Data excerpts:
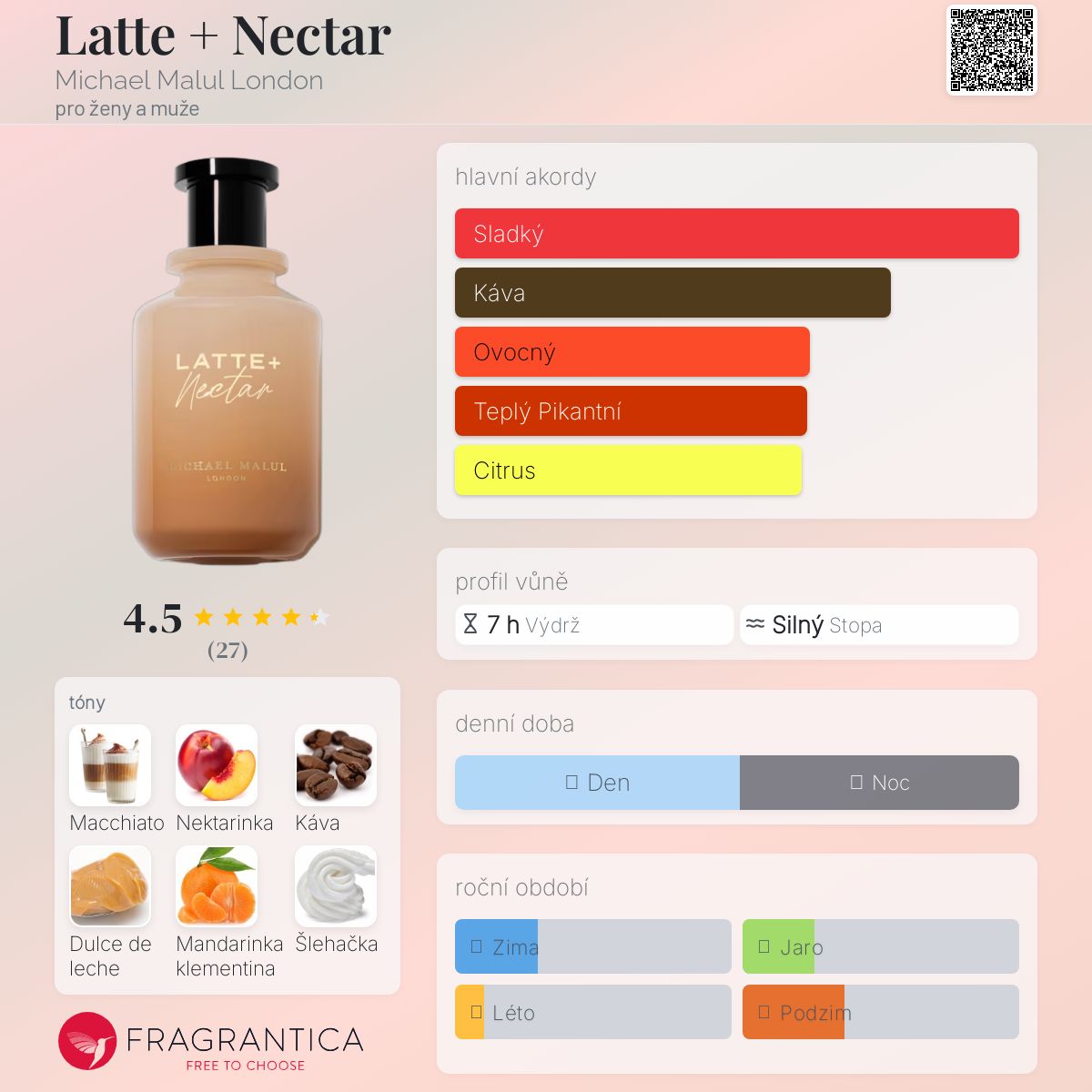 Latte + Nectar podle Michael Malul London je Floral Woody Musk vůně pro ženy a muže. Toto je nová vůně. Latte + Nectar byl/a uveden/a v roce 2025. Latte + Nectar byl/a vytvořen/a Doug Falcone a Kevin Scozzaro. Vrchní tóny jsou Nektarinka, Dulce de leche a Mandarinka klementina; střední tóny jsouMacchiato, Káva, Pomerančový květ a Jasmín ; základní tóny jsou Šlehačka, Jantar (ambra) a Pižmo.
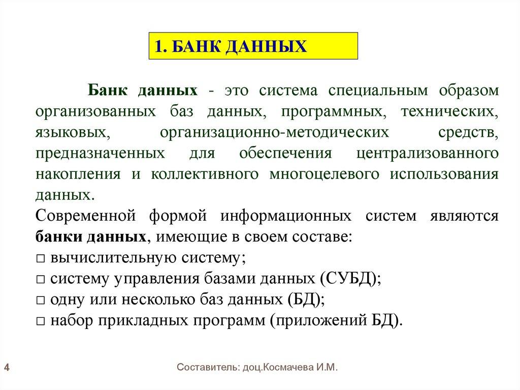 1. БАНК ДАННЫХБанк данных - это система специальным образом
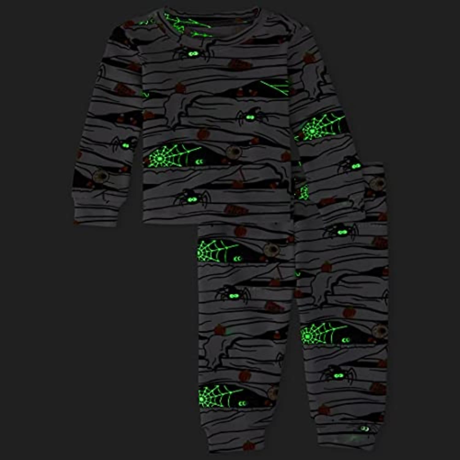 - Top features allover mummy and candy print that glows in the dark; styled with rib-knit crew neck and banded sleeve cuffs
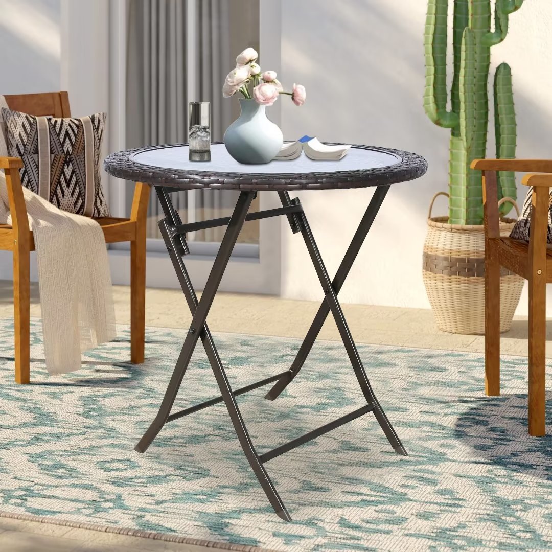 Iwicker Patio Rattan Folding Bistro Side Table Tempered Glass Table Coffee Table
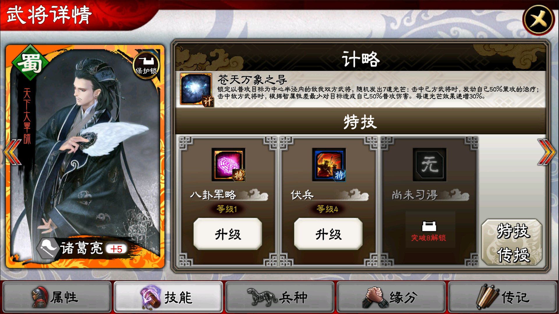 二、技能搭配。由于养成资源较少,测试较少,前期推荐利用诸葛亮的智力上伏兵秒人,或者利用亮哥可攻可奶的特性上天师,治疗队友,再加上亮哥本身的计略可以省一个治疗。
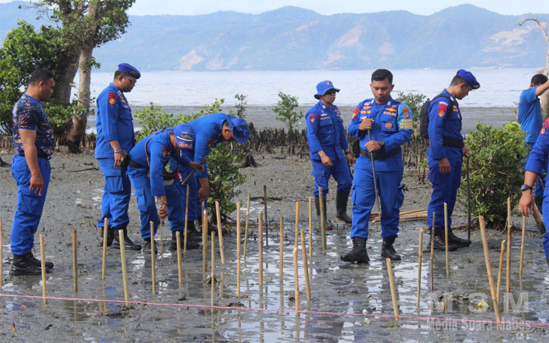 MahesaMediaCenter, Palu – Gerakan peduli lingkungan, Ditpolairud Polda Sulteng melakukan bersih-bersih pantai dan penanaman bibit mangrove.
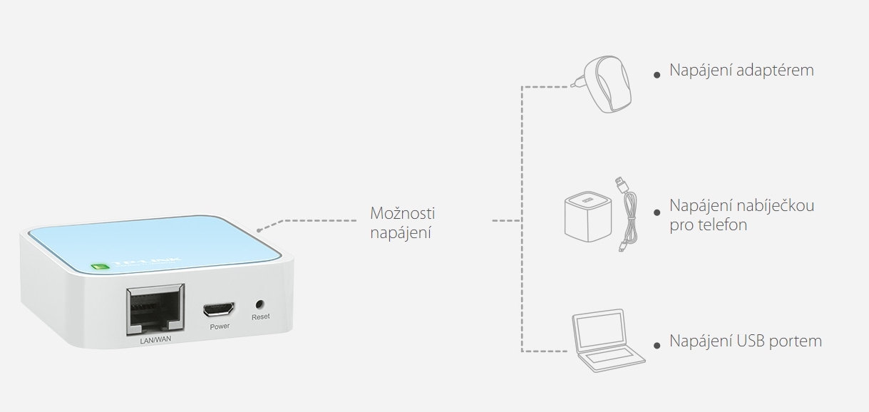 Router TL-WR802N může být napájen externím adaptérem nebo z počítače připojeného pomocí USB. Uživatelé
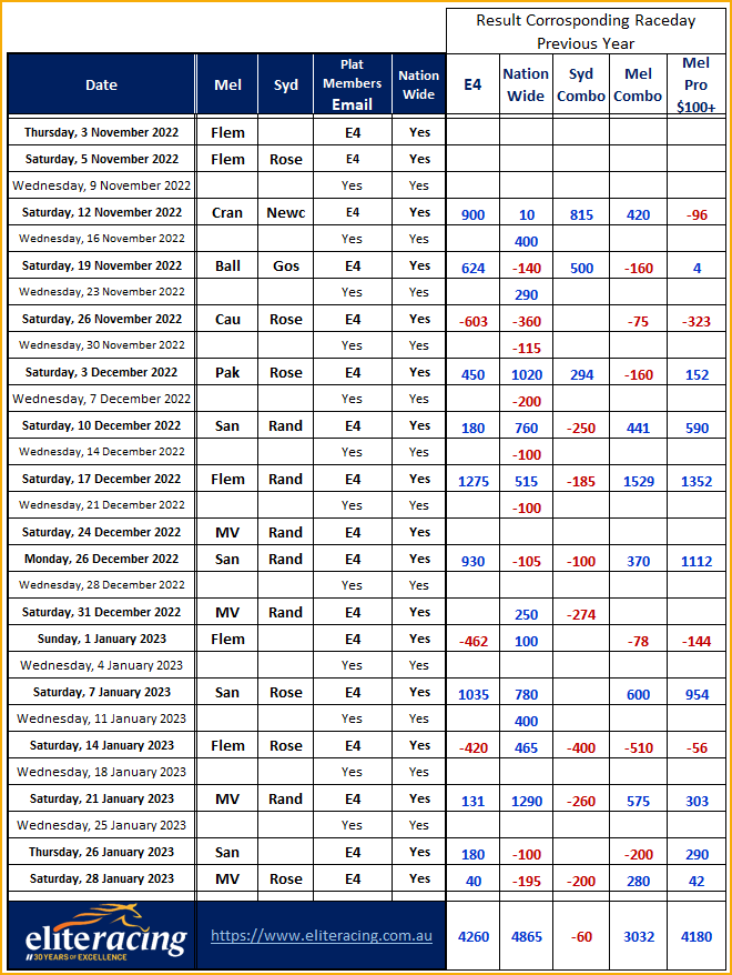 Platinum members get the E4 list of bets each raceday as well as full access to Mel and Syd.
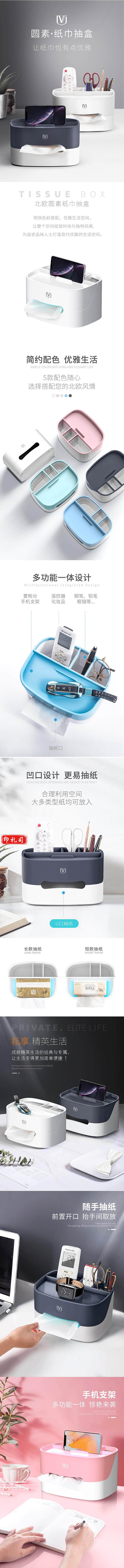 创意纸巾盒笔筒抽纸盒桌面收纳 藏青色 2716
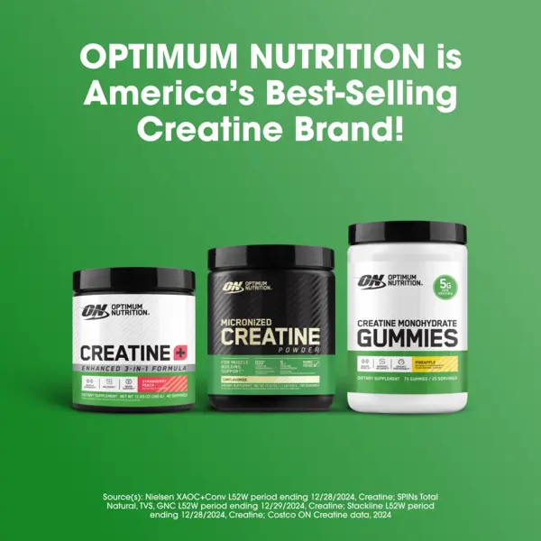 Made using premium ingredients and a process that includes 250+ rigorous tests to deliver the highest quality products, our Creatine Monohydrate Gummies are everything you want and expect from Optimum Nutrition – the #1 Creatine Brand in the United States.**
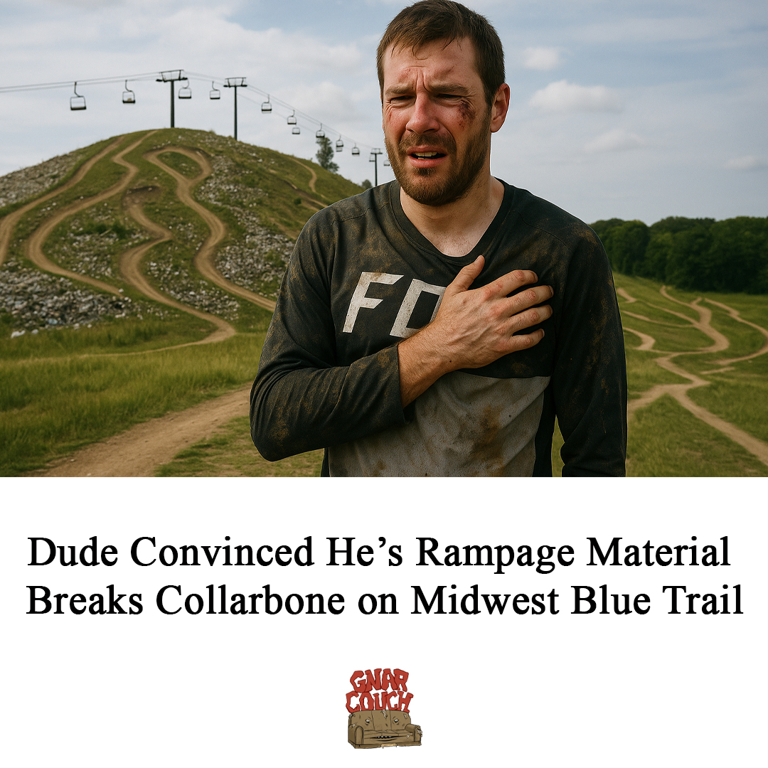 WEST BEND, WI—An Iowa man who repeatedly told friends he’s “basically Rampage-ready” fractured his collarbone Saturday on the second jump of a blue trail at Trash Mountain Bike Park, a bike park famously constructed on a former landfill and known primarily for an incident last year where a man minimally scraped his arm on a bush, contracted MRSA from the hill, and died later in agonizing pain from sepsis and organ failure.
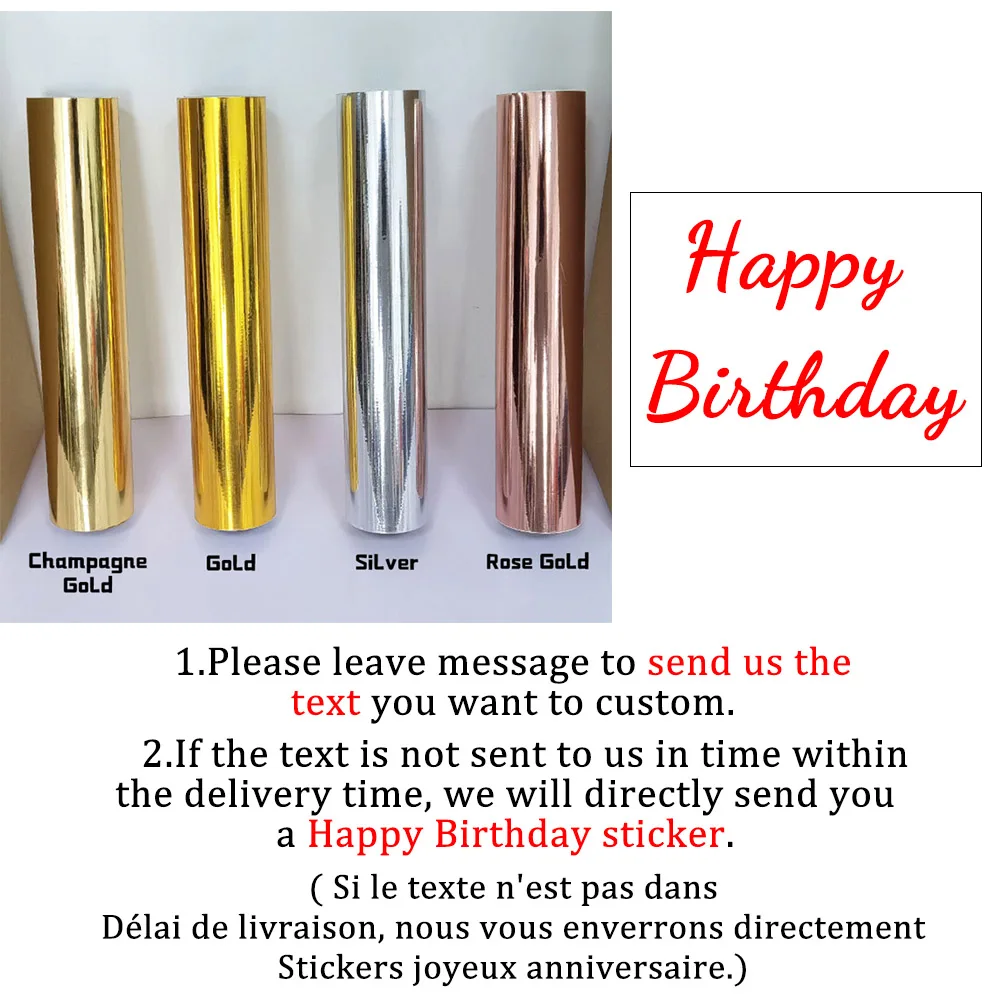 - Veuillez nous envoyer le texte dans le délai de livraison, ou nous vous enverrons un autocollant « Joyeux anniversaire ».
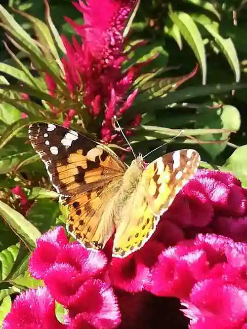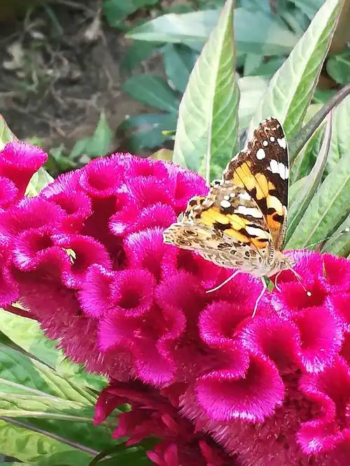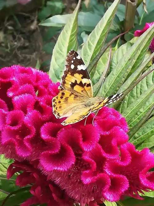 红炬烧。红炬烧。顶风冒雨挺其腰。扇面籽藏蝴蝶恋,鸡冠花美最招摇。

### [TO DO]
The entries above should be written out in full, and any picture in them left out.

### [SOLUTION BELOW]
 Latte + Nectar podle Michael Malul London je Floral Woody Musk vůně pro ženy a muže. Toto je nová vůně. Latte + Nectar byl/a uveden/a v roce 2025. Latte + Nectar byl/a vytvořen/a Doug Falcone a Kevin Scozzaro. Vrchní tóny jsou Nektarinka, Dulce de leche a Mandarinka klementina; střední tóny jsouMacchiato, Káva, Pomerančový květ a Jasmín ; základní tóny jsou Šlehačka, Jantar (ambra) a Pižmo.
 1. БАНК ДАННЫХБанк данных - это система специальным образом
 - Top features allover mummy and candy print that glows in the dark; styled with rib-knit crew neck and banded sleeve cuffs
 Iwicker Patio Rattan Folding Bistro Side Table Tempered Glass Table Coffee Table
 二、技能搭配。由于养成资源较少,测试较少,前期推荐利用诸葛亮的智力上伏兵秒人,或者利用亮哥可攻可奶的特性上天师,治疗队友,再加上亮哥本身的计略可以省一个治疗。
 MahesaMediaCenter, Palu – Gerakan peduli lingkungan, Ditpolairud Polda Sulteng melakukan bersih-bersih pantai dan penanaman bibit mangrove.
 Router TL-WR802N může být napájen externím adaptérem nebo z počítače připojeného pomocí USB. Uživatelé
 Platinum members get the E4 list of bets each raceday as well as full access to Mel and Syd.
 创意纸巾盒笔筒抽纸盒桌面收纳 藏青色 2716
 Made using premium ingredients and a process that includes 250+ rigorous tests to deliver the highest quality products, our Creatine Monohydrate Gummies are everything you want and expect from Optimum Nutrition – the #1 Creatine Brand in the United States.**
 WEST BEND, WI—An Iowa man who repeatedly told friends he’s “basically Rampage-ready” fractured his collarbone Saturday on the second jump of a blue trail at Trash Mountain Bike Park, a bike park famously constructed on a former landfill and known primarily for an incident last year where a man minimally scraped his arm on a bush, contracted MRSA from the hill, and died later in agonizing pain from sepsis and organ failure.
 - Veuillez nous envoyer le texte dans le délai de livraison, ou nous vous enverrons un autocollant « Joyeux anniversaire ».
 红炬烧。红炬烧。顶风冒雨挺其腰。扇面籽藏蝴蝶恋,鸡冠花美最招摇。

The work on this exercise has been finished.